>>>>>

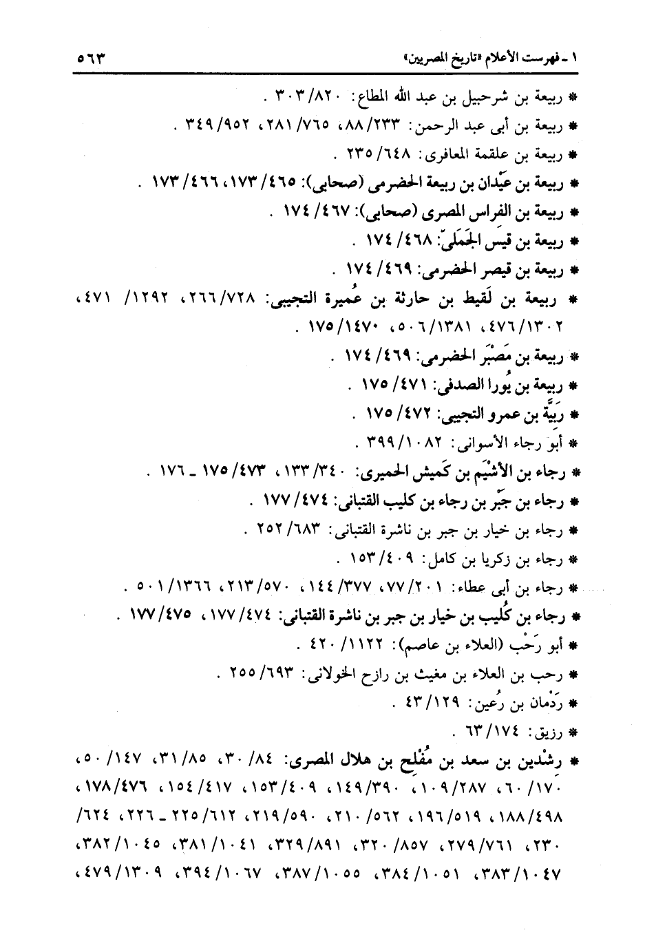 * رشدين بن سعد بن مفلح بن هلال المصرى: 84/30، 85/31، 147/50، 170/60، 287/109، 390/149، 409/153، 417/154، 476/178، 498/188، 519/196، 562/210، 590/219، 612/225- 226، 624/230، 761/279، 857/320، 891/329، 1041/381، 1045/382، 1047/383، 1051/384، 1055/387، 1067/394، 1309/479،
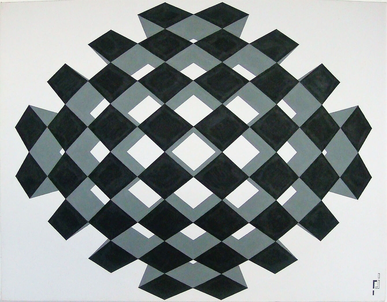 De herhaling van ruiten en subtiele grijze schaduwen versterken dat ruimtelijke effect, waardoor het lijkt alsof de vormen zich naar buiten toe ontvouwen.
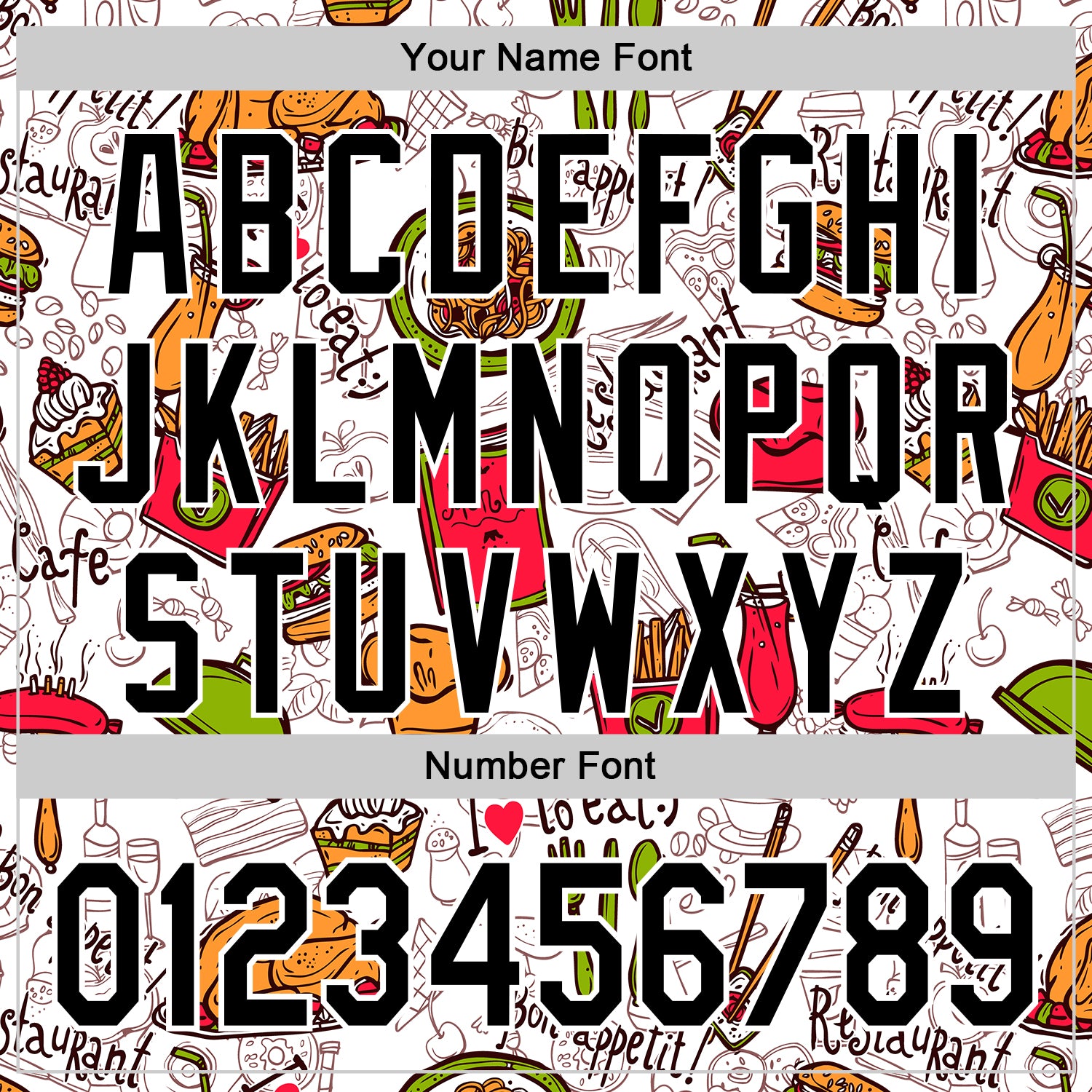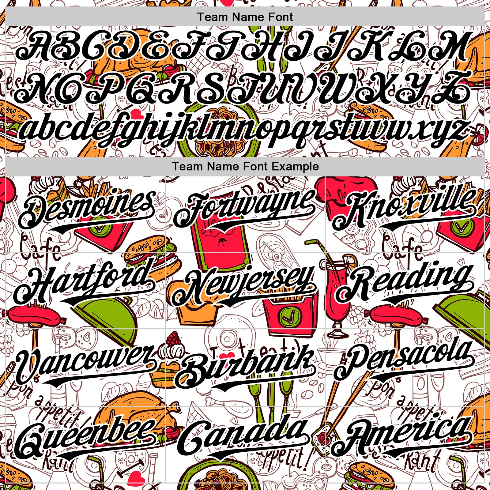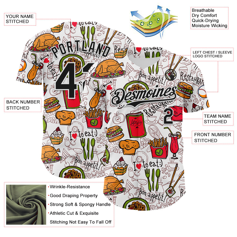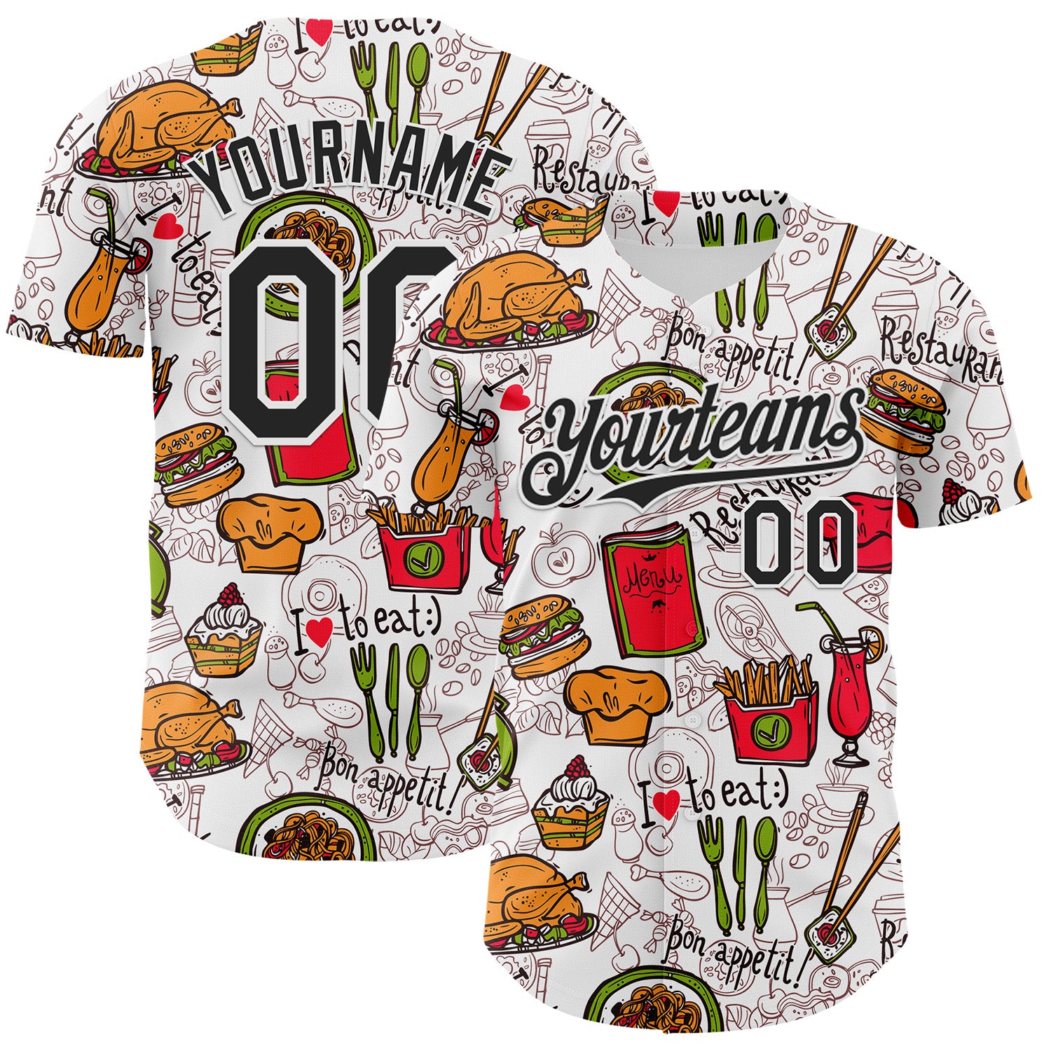 Custom White Black 3D Pattern Design Foodie Fast Food Doodles Authentic Baseball Jersey
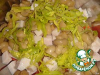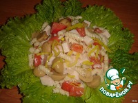 Маринованные грибы порезать на половинки или четвертинки, в зависимости от размера, и добавить к остальным ингредиентам. Замаринованный лук-порей вместе с маринадом добавить в салат. |
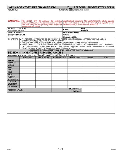 Web find and fill out the correct lat 5 inventory. This report shall be filed with the. Web firms having 10 year exemptions shall complete form lat 5a and attach to this form. (indicate any changes) confidential rs: Use the information brochures as directed, or complete the application form. Application for use value assessment. Attach to this report a list of. Web oil and gas property (lat 12) drilling rigs and related equipment (lat 13) pipelines (lat 14) aircraft (lat 15) appeal to board of review (form 3101a) appeal to louisiana tax. Choose the correct version of the editable pdf form from the list and. Mail the form to the assessor's office at: Appeal form 3102/3103a appeal form(3101) appeal.
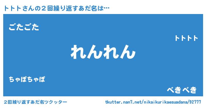 | 男性向けラノベタイトル風あだ名 | 『転生したらトトトだった件』 |
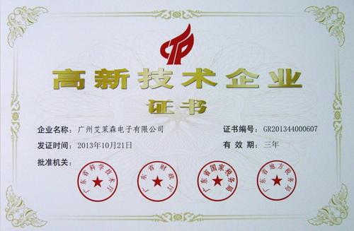 此次证书的取得,是国家、各级政府对艾茉森公司的科研能力和整体技术水平的肯定和认可,公司将继续围绕研发面向市场,科技服务市场的原则,进一步提高自主创新的能力,进一步提升公司的品牌形象,不断加强研发投入,提高技术创新能力,提升服务水平,充分发挥高新技术企业的优势和模范带头作用,打造持久的产品竞争力,并为推动公司又好又快发展创造新的更好的条件。
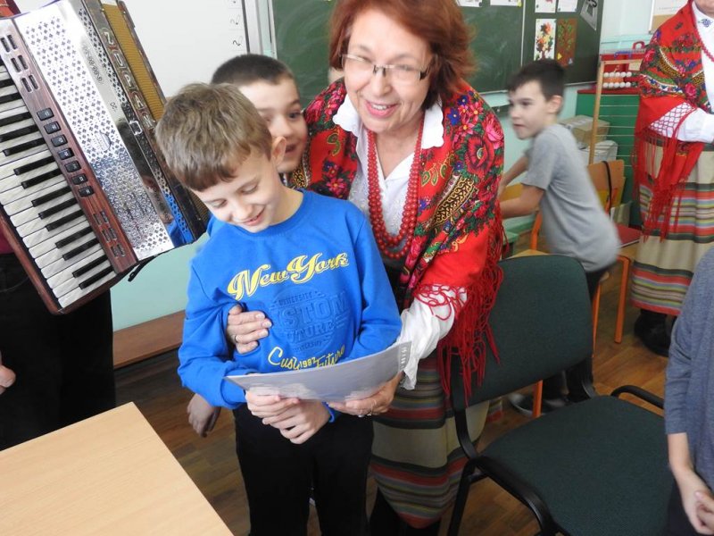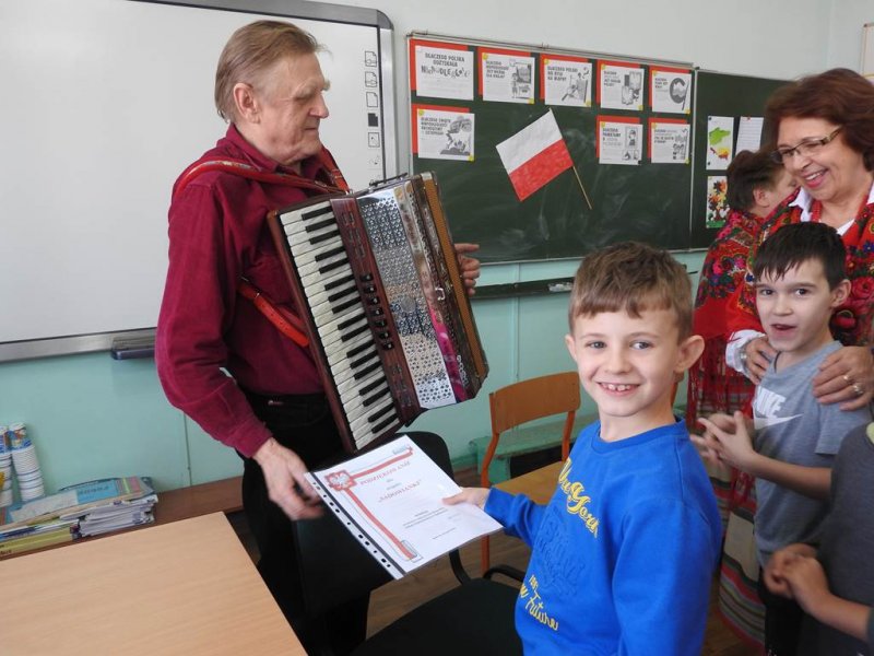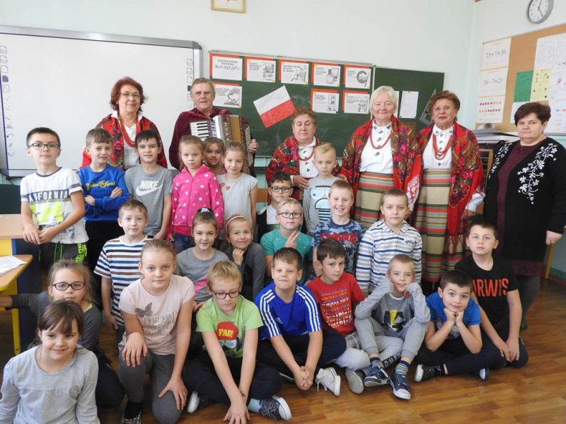 Z radością dzieci powitały brawami przedstawicieli zespołu ,,Sadowianki’’ : p. Barbarę Wróbel, p. Teresę Żach, p. Alicję Bachniuk, p. Henrykę Kibart i p. Andrzeja Oltona.Pani Barbara Wróbel rozmawiała z dziećmi o patriotyźmie, dzieci wspierały rozmowę przykładami.Zapoznała uczniów z historią powstania pieśni patriotycznych, które towarzyszyły naszym pradziadom w trudnych chwilach dla naszego państwa. Dzieci podawały przykłady, jak ważna jest niepodległość i suwerenność dla każdego nawet małego Polaka. Dzieci wraz z zespołem odśpiewały hymn narodowy,,Mazurek Dąbrowskiego”, ,,Rotę’’ Marii Konopnickiej.Następnie pieśni wojenne ,,Wojenko, wojenko”, ,,Przybyli ułani”. Pan Andrzej Olton (dziadek Wiktora-ucznia kl. II b) zapoznał uczniów z budową akordeonu. Dzieci zadawały wiele wnikliwych i szczegółowych pytań związanych z budową instrumentu, kosztem zakupu, jego wagą.

<<<<<

- **DIRECTIONS FOR THIS TASK**: With the pictures removed, return each record above exactly as given.

- **RESULT**:
 * رشدين بن سعد بن مفلح بن هلال المصرى: 84/30، 85/31، 147/50، 170/60، 287/109، 390/149، 409/153، 417/154، 476/178، 498/188، 519/196، 562/210، 590/219، 612/225- 226، 624/230، 761/279، 857/320، 891/329، 1041/381، 1045/382، 1047/383، 1051/384، 1055/387، 1067/394، 1309/479،
 De herhaling van ruiten en subtiele grijze schaduwen versterken dat ruimtelijke effect, waardoor het lijkt alsof de vormen zich naar buiten toe ontvouwen.
 Custom White Black 3D Pattern Design Foodie Fast Food Doodles Authentic Baseball Jersey
 Маринованные грибы порезать на половинки или четвертинки, в зависимости от размера, и добавить к остальным ингредиентам. Замаринованный лук-порей вместе с маринадом добавить в салат. |
 Web find and fill out the correct lat 5 inventory. This report shall be filed with the. Web firms having 10 year exemptions shall complete form lat 5a and attach to this form. (indicate any changes) confidential rs: Use the information brochures as directed, or complete the application form. Application for use value assessment. Attach to this report a list of. Web oil and gas property (lat 12) drilling rigs and related equipment (lat 13) pipelines (lat 14) aircraft (lat 15) appeal to board of review (form 3101a) appeal to louisiana tax. Choose the correct version of the editable pdf form from the list and. Mail the form to the assessor's office at: Appeal form 3102/3103a appeal form(3101) appeal.
 | 男性向けラノベタイトル風あだ名 | 『転生したらトトトだった件』 |
 此次证书的取得,是国家、各级政府对艾茉森公司的科研能力和整体技术水平的肯定和认可,公司将继续围绕研发面向市场,科技服务市场的原则,进一步提高自主创新的能力,进一步提升公司的品牌形象,不断加强研发投入,提高技术创新能力,提升服务水平,充分发挥高新技术企业的优势和模范带头作用,打造持久的产品竞争力,并为推动公司又好又快发展创造新的更好的条件。
 Z radością dzieci powitały brawami przedstawicieli zespołu ,,Sadowianki’’ : p. Barbarę Wróbel, p. Teresę Żach, p. Alicję Bachniuk, p. Henrykę Kibart i p. Andrzeja Oltona.Pani Barbara Wróbel rozmawiała z dziećmi o patriotyźmie, dzieci wspierały rozmowę przykładami.Zapoznała uczniów z historią powstania pieśni patriotycznych, które towarzyszyły naszym pradziadom w trudnych chwilach dla naszego państwa. Dzieci podawały przykłady, jak ważna jest niepodległość i suwerenność dla każdego nawet małego Polaka. Dzieci wraz z zespołem odśpiewały hymn narodowy,,Mazurek Dąbrowskiego”, ,,Rotę’’ Marii Konopnickiej.Następnie pieśni wojenne ,,Wojenko, wojenko”, ,,Przybyli ułani”. Pan Andrzej Olton (dziadek Wiktora-ucznia kl. II b) zapoznał uczniów z budową akordeonu. Dzieci zadawały wiele wnikliwych i szczegółowych pytań związanych z budową instrumentu, kosztem zakupu, jego wagą.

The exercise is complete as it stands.